*ASSIGNMENT:* Copying rule for the data below: pictures stay out, and only the lines from the one with "Олейна классическая), перемешать." down to the one with "Stay 40% cooler", inclusive, are repeated exactly.

*RECORDS SUPPLIED:*
/---

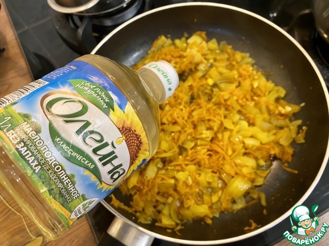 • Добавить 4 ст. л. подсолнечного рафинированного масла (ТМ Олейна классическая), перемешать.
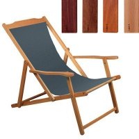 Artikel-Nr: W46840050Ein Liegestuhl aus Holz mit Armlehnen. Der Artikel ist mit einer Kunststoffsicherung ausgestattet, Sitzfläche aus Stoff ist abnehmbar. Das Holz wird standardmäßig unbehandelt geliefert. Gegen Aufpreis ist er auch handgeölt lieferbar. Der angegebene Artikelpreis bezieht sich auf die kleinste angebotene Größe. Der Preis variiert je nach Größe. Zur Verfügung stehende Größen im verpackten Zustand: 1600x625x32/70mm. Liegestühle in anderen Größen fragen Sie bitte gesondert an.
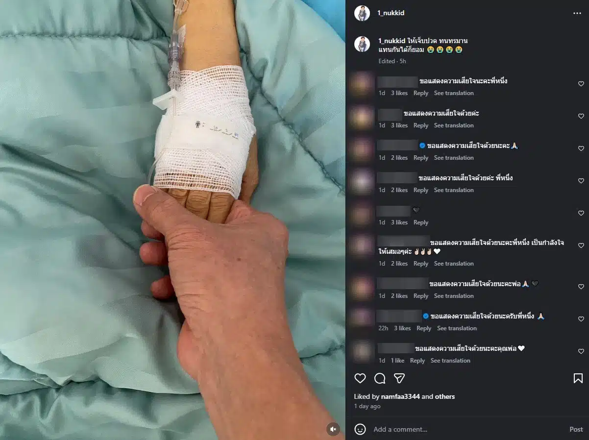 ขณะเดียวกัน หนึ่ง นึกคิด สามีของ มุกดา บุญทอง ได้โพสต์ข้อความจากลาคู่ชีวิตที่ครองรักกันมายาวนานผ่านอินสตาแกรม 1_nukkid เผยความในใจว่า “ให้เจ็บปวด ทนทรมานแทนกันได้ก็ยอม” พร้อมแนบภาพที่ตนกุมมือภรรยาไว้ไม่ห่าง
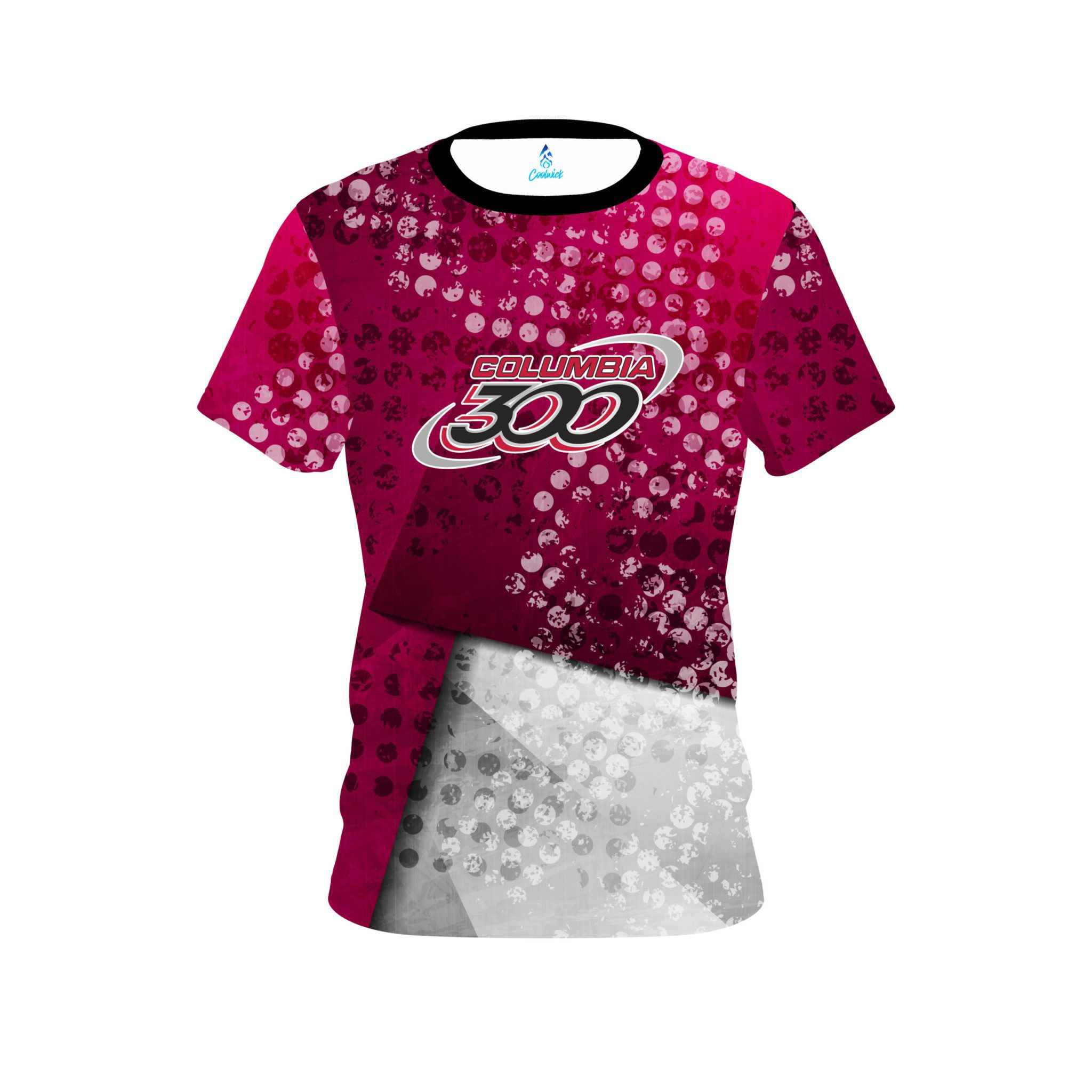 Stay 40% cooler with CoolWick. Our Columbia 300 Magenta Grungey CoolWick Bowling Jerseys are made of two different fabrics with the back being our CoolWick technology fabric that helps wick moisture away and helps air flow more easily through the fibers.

\---
/---

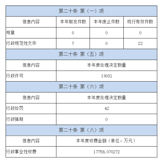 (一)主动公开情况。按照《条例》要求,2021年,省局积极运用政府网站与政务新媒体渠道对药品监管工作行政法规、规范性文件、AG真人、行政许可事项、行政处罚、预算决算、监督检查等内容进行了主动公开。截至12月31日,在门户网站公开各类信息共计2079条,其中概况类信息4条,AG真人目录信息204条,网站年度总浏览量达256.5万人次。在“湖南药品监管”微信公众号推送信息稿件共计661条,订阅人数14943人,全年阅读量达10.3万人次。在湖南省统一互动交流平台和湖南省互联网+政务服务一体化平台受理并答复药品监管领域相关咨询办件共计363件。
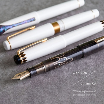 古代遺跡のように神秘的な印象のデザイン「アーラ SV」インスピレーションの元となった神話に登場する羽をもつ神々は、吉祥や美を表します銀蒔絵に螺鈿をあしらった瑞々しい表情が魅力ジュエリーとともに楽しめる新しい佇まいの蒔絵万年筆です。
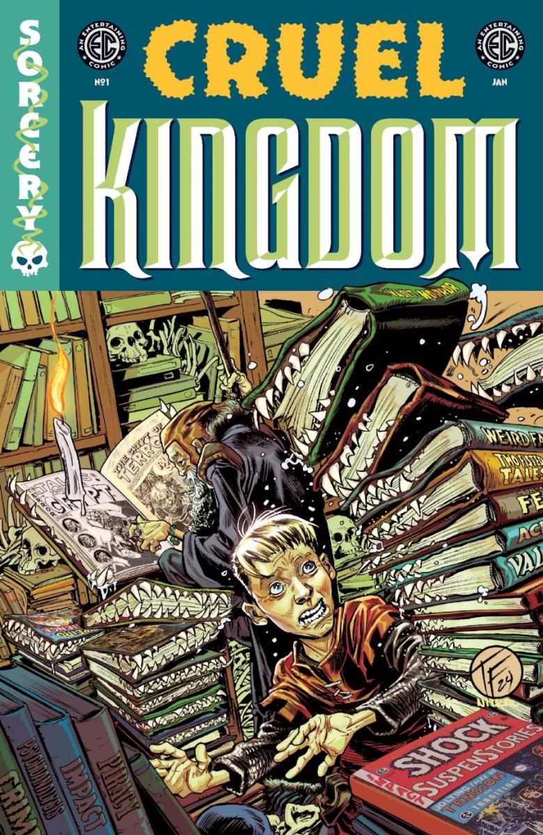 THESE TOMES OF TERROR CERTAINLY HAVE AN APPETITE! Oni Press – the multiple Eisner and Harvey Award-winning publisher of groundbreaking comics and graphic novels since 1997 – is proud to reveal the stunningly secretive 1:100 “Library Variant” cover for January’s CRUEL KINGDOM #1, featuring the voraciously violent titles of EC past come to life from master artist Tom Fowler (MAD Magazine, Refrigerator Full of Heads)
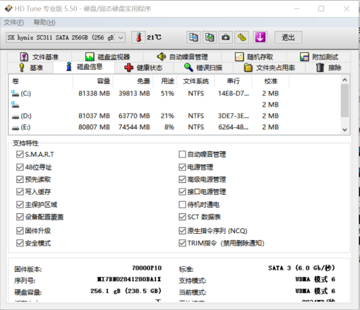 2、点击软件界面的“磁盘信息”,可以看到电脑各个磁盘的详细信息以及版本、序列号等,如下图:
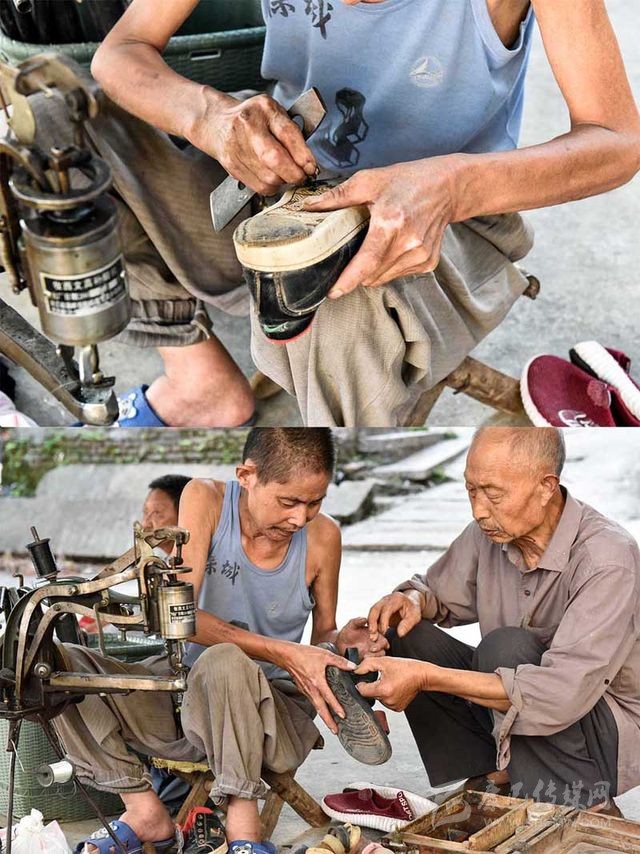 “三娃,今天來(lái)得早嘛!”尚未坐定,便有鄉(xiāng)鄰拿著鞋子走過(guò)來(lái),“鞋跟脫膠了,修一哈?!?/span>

\---

*EXERCISE RESULT:*
 • Добавить 4 ст. л. подсолнечного рафинированного масла (ТМ Олейна классическая), перемешать.
 Artikel-Nr: W46840050Ein Liegestuhl aus Holz mit Armlehnen. Der Artikel ist mit einer Kunststoffsicherung ausgestattet, Sitzfläche aus Stoff ist abnehmbar. Das Holz wird standardmäßig unbehandelt geliefert. Gegen Aufpreis ist er auch handgeölt lieferbar. Der angegebene Artikelpreis bezieht sich auf die kleinste angebotene Größe. Der Preis variiert je nach Größe. Zur Verfügung stehende Größen im verpackten Zustand: 1600x625x32/70mm. Liegestühle in anderen Größen fragen Sie bitte gesondert an.
 ขณะเดียวกัน หนึ่ง นึกคิด สามีของ มุกดา บุญทอง ได้โพสต์ข้อความจากลาคู่ชีวิตที่ครองรักกันมายาวนานผ่านอินสตาแกรม 1_nukkid เผยความในใจว่า “ให้เจ็บปวด ทนทรมานแทนกันได้ก็ยอม” พร้อมแนบภาพที่ตนกุมมือภรรยาไว้ไม่ห่าง
 Stay 40% cooler with CoolWick. Our Columbia 300 Magenta Grungey CoolWick Bowling Jerseys are made of two different fabrics with the back being our CoolWick technology fabric that helps wick moisture away and helps air flow more easily through the fibers.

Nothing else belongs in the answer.